Dienstag, 7. Dezember 2010

Werbung des Tages

Die NZZ am Sonntag möchte mich Pillensüchtig machen, anders kann ich mir diesen Artikel nicht erklären:

«Meine Lieblingspille ist Ritalin. Wow, da hat sich die Pharmaindustrie wirklich selbst übertroffen. Ritalin ist grosses Kino, wie Ferrari fahren, wenn man einen popligen VW-Käfer gewohnt ist. Das nehme ich, wenn ich morgens nicht aus dem Bett komme oder abends Party machen will, ohne am nächsten Tag einen hämmernden Alkohol-Schädel zu haben oder eine verstopfte Nase vom Kokain. Letzteres ist ja sowieso suboptimal für Körper und Seele. Ritalin aber wirkt ähnlich und wird einem erst noch bezahlt, darum nenne ich es Krankenkassen-Koks.» weiterlesen

Findi guet. Gib's mer!

Montag, 8. November 2010

Satiremagazin des Tages

Vor einiger Zeit kam mir zufällig ein Exemplar des Fachmagazins «Schweizer Soldat» zu Händen. Selten hat mich die Lektüre einer Publikation mehr erheitert als die nach eigenen Angaben «führende Militärzeitschrift der Schweiz».
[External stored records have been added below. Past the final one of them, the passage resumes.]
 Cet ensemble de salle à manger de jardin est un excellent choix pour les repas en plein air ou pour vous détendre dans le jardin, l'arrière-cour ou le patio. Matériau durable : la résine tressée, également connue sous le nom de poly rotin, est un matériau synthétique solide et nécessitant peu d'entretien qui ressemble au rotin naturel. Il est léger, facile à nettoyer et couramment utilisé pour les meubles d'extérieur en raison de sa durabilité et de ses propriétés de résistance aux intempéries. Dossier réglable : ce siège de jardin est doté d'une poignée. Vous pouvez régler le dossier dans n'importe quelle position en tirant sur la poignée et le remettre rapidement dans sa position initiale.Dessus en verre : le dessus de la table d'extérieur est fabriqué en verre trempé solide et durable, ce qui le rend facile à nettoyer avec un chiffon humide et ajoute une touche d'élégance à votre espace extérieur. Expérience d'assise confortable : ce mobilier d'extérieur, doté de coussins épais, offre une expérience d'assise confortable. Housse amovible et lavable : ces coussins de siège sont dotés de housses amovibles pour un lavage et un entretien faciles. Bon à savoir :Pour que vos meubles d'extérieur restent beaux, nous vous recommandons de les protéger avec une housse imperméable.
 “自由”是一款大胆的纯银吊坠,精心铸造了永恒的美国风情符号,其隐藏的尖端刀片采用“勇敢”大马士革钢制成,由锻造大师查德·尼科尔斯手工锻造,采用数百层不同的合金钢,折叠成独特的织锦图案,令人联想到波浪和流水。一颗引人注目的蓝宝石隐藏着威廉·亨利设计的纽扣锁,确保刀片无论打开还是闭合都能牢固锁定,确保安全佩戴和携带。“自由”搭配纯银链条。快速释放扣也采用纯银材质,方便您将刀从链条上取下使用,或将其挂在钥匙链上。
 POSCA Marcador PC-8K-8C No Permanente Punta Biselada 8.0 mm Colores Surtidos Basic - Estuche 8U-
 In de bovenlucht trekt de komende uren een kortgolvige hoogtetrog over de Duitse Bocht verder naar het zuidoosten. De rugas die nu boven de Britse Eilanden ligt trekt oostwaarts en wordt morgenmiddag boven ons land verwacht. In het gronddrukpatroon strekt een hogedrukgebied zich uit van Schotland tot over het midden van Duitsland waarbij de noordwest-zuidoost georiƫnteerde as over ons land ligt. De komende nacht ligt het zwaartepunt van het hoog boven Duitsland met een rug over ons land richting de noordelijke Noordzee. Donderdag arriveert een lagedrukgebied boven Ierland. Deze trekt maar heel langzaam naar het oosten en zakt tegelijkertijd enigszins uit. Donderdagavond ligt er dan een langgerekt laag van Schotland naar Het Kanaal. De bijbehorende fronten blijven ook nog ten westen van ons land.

Zwischen Anzeigen für den Eurofighter (Die beste Perspektive für die Schweiz) oder die Strassensperre Quikstop finden sich Artikel wie «Panzergeneral Israel Tal, Panzer waren sein Leben», «Marines befreien Geiseln» oder «Besuch vom Götti-Kanton». In letzterem schreibt Fourier Ursula Bonetti über die Eindrücke von Regierungsrat Hans-Jürg Käser, Polizei- und Militärdirektor Kanton Bern, bei seinem Besuch der Spit Bat 66 im GOPS:

«Beim Besuch der Truppe im GOPS ist Käser dann rasch klar, weshalb es den Befehl für Ordnung und Disziplin braucht. Ausser der Infanterie bilden besonders die Sanitätstruppen Verbände mit vielen Angehörigen der Armee, die ursprünglich vor allem aus Osteuropa, Asien und Afrika stammend als eingebürgerte Schweizer zusammenfinden. Dass nicht jeder unsere Mentalität an Ordnung und Disziplin mitbringt, ist normal. Sie hatten eine andere Kinderstube. In dieser Truppe werden zehn oder mehr Sprachen gesprochen, untereinander.»
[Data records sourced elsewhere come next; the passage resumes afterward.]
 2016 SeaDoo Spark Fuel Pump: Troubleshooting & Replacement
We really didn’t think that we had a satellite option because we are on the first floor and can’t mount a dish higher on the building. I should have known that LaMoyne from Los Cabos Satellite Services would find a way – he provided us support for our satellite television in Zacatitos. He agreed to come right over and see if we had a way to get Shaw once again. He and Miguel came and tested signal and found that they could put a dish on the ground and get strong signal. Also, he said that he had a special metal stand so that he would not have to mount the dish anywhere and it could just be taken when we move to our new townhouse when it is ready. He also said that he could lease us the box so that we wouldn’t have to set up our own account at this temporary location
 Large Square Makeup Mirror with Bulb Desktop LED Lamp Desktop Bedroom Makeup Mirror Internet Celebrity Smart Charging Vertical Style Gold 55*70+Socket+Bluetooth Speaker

Weiter gehts mit der stimmigen Reportage über das «Zugsgefechtsschiessen im scharfen Schuss» des Gebirgsinfanteriebataillons 77 in Walenstadt. In kurzen und präzisen Sätzen wird die Volltruppenübung protokolliert und kommentiert.
«In seiner Befehelsausgabe schildert Hauptmann Bänziger den Gegner wohltuend nicht als Gegenseite, sondern als das, was er ist: als Gegner.»
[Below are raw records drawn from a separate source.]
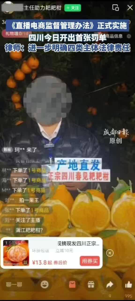 2月1日,记者从成都市市场监管局获悉,近日,成都市蒲江县市场监管局在开展打击电商领域制售假冒伪劣农产品行为专项行动中,依法查处一起主播直播带货虚假宣传、冒充助农推荐官案件,并开出《直播电商监督管理办法》正式实施后的四川首张罚单。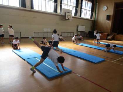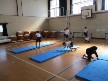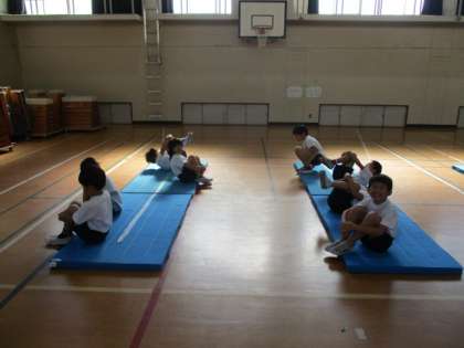体育科では、「マット運動」の学習が始まりました。今日は第1時でしたので、学習の流れや学習カードの使い方を確認した後、体育館に移動して体慣らしに取り組みました。「ゆりかご」「カエルの足打ち」など、2年生までにしてきたことをしました。前転や側方倒立回転などの技につながる大切な動きです。がんばっていきましょう!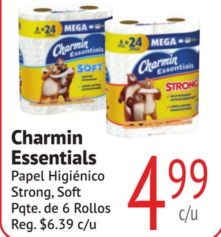 Charmin Essentials Papel Higiénico Strong, Soft Pqte. de 6 Rollos.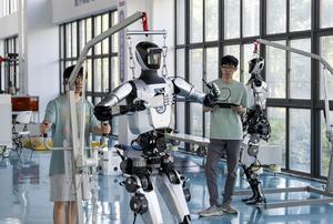 (250725) -- QUANZHOU, 25 julio, 2025 (Xinhua) -- Imagen del 24 de julio de 2025 de trabajadores depurando robots humanoides,...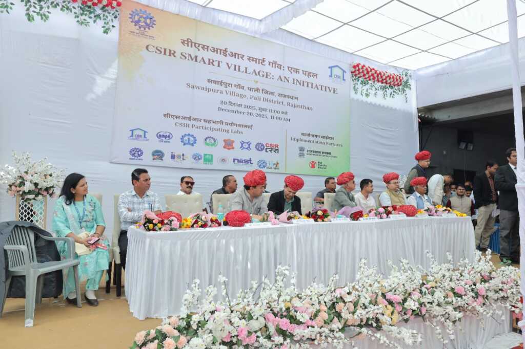 भारत सरकार के विज्ञान एवं प्रौद्योगिकी मंत्रालय के अंतर्गत वैज्ञानिक तथा औद्योगिक अनुसंधान परिषद (CSIR) द्वारा संचालित “स्मार्ट गाँव” मिशन मोड परियोजना का शुभारंभ आज राजस्थान के पाली जिले के सवाईपुरा गाँव में किया गया। यह पहल प्रधानमंत्री के “विकसित भारत- 2047” के विज़न के अनुरूप ग्रामीण भारत के समग्र एवं सतत विकास की दिशा में एक महत्वपूर्ण कदम है। इस मिशन का औपचारिक शुभारंभ सांसद, पाली, श्री पी. पी. चौधरी, तथा डॉ. (श्रीमती) एन. कलैसेल्वी, महानिदेशक, सीएसआईआर एवं सचिव, डीएसआईआर, नई दिल्ली द्वारा किया गया। इस अवसर पर श्री भीमराज भाटी, विधायक, पाली विधानसभा क्षेत्र; प्रो. प्रदीप कुमार रमनचरला, निदेशक, सीएसआईआर–केंद्रीय भवन अनुसंधान संस्थान; डॉ. पी. सी. पंचारिया, निदेशक, सीएसआईआर–सीरी सहित जिला प्रशासन के वरिष्ठ अधिकारी, ग्राम प्रतिनिधि, गैर-सरकारी संगठनों के प्रतिनिधि तथा विभिन्न सीएसआईआर प्रयोगशालाओं के वैज्ञानिक उपस्थित रहे।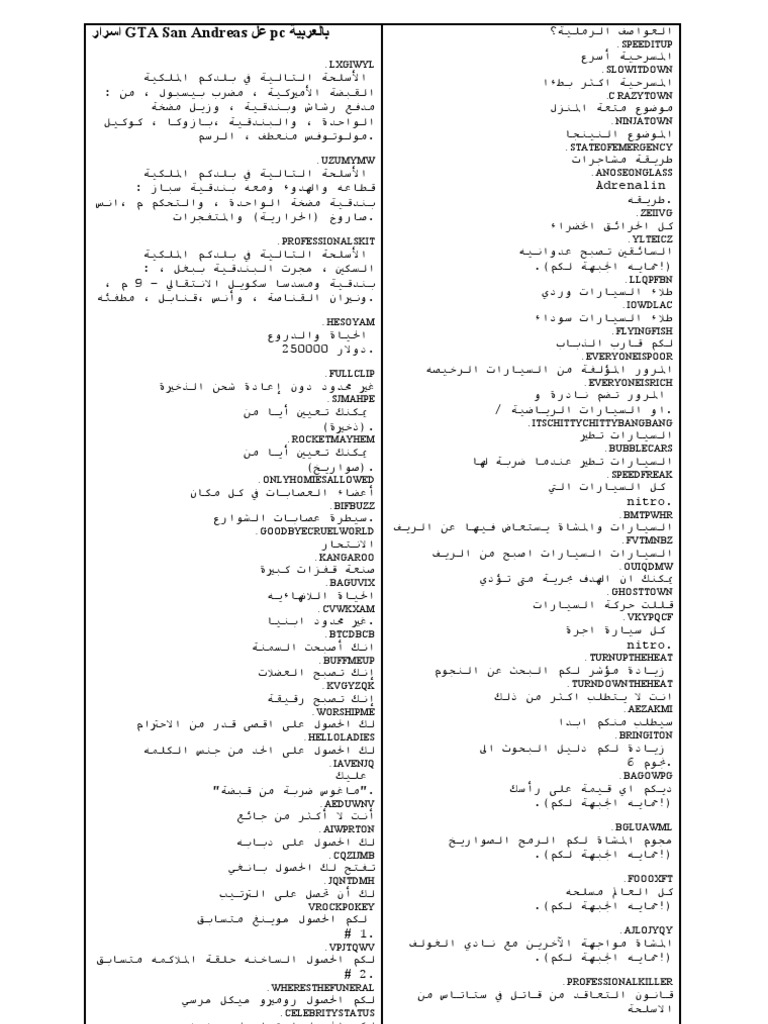 كلمات سان اندرس جميع اكواد كلمات سر جاتا سان اندرس Gta San

«Dem Zug Burkart erteilt Hauptmann Bänziger den Auftrag: «Hält sich als Reserve bereit, das Dispositiv zu verstärken oder Gegner vor der Ortschaft zu vernichten.»

«Leutnant Burkart fasst folgende Entschlüsse:
Phase 1: Halbzug 12 stösst bis auf Höhe Äuli zum alten Paschga-Haus vor und nimmt den Gegner unter Beschuss (Fixieren des Gegners).
Phase 2: Halbzug 34 stösst unter Feuerschutz von Halbtzug 12 am Halbzug 12 vorbei Richtung Gegner vor.
Phase 3: Halbzug 12 zieht nach und stösst ebenfalls Richtung Gegner vor.
Phase 4: Gegner vernichten.»

Brigadier Hans-Peter Wüthrich plädiert in einem ganzseitigen Kommentar der Volksinitiative «Für den Schutz vor Waffengewalt» eine klare Abfuhr zu erteilen.
«Nur Diktaturen entwaffnen ihr Volk und entziehen ihm das Vertrauen. Die Initianten zielen mit Absicht auf die Armeewaffen und wollen diese aus den helvetischen Haushalten verbannen. Sie suggerieren damit eine Scheinsicherheit, vorab für Frauen.»
«Das Wegschliessen der Armeewaffen verhindert weder häusliche Gewalt noch Suizide. Das ist auch nicht die Zielsetzung der Initianten, diese Gründe werden nur vorgeschoben, um die wahren Absichten, wie eine weitere Schwächung unserer Milizarmee und die Entmündigung der Bürgerinnen und Bürger, zu vertuschen. Wir, die verantwortungsbewussten und aufgeklärten Bürgerinnen und Bürger, Soldatinnen und Soldaten sowie Kader dieser Milizarmee fallen aber auf diese Absichten nicht herein. Deshalb lehnen wir diese Initiative ab.»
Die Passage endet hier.